**DESCRIPTION OF THE TASK**
Range to copy from the entries below: the line containing "1、在本站下载安装好香椿勇者" through the line containing "This tool set", inclusive. Retype only those lines, exactly, without any images.
INPUT MATERIAL START
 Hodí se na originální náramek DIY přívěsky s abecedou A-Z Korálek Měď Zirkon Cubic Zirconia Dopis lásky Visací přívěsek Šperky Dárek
INPUT MATERIAL END
INPUT MATERIAL START
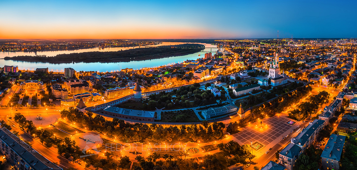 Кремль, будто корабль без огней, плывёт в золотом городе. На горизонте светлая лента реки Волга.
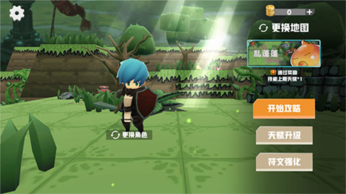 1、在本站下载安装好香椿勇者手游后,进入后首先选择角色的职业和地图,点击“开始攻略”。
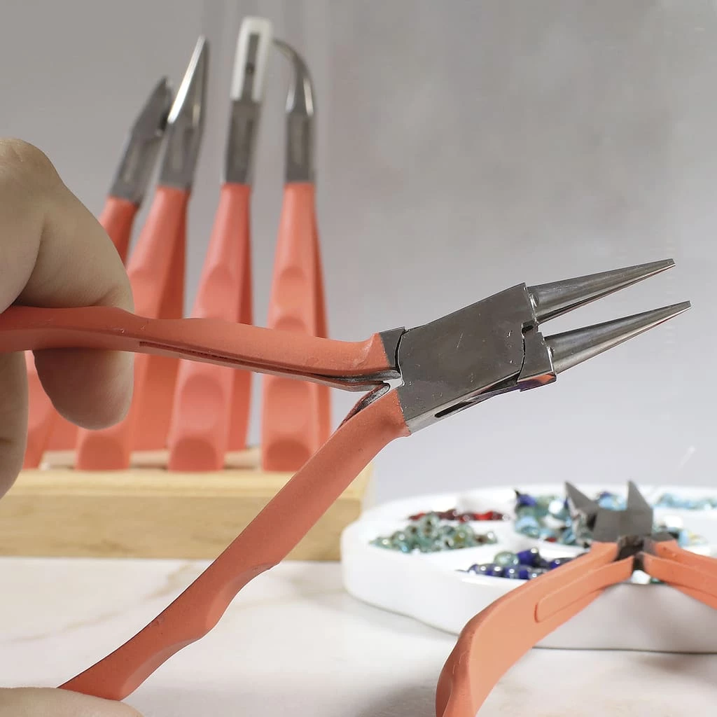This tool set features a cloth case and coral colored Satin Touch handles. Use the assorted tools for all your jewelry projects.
INPUT MATERIAL END
**ANSWER**
 1、在本站下载安装好香椿勇者手游后,进入后首先选择角色的职业和地图,点击“开始攻略”。
This tool set features a cloth case and coral colored Satin Touch handles. Use the assorted tools for all your jewelry projects.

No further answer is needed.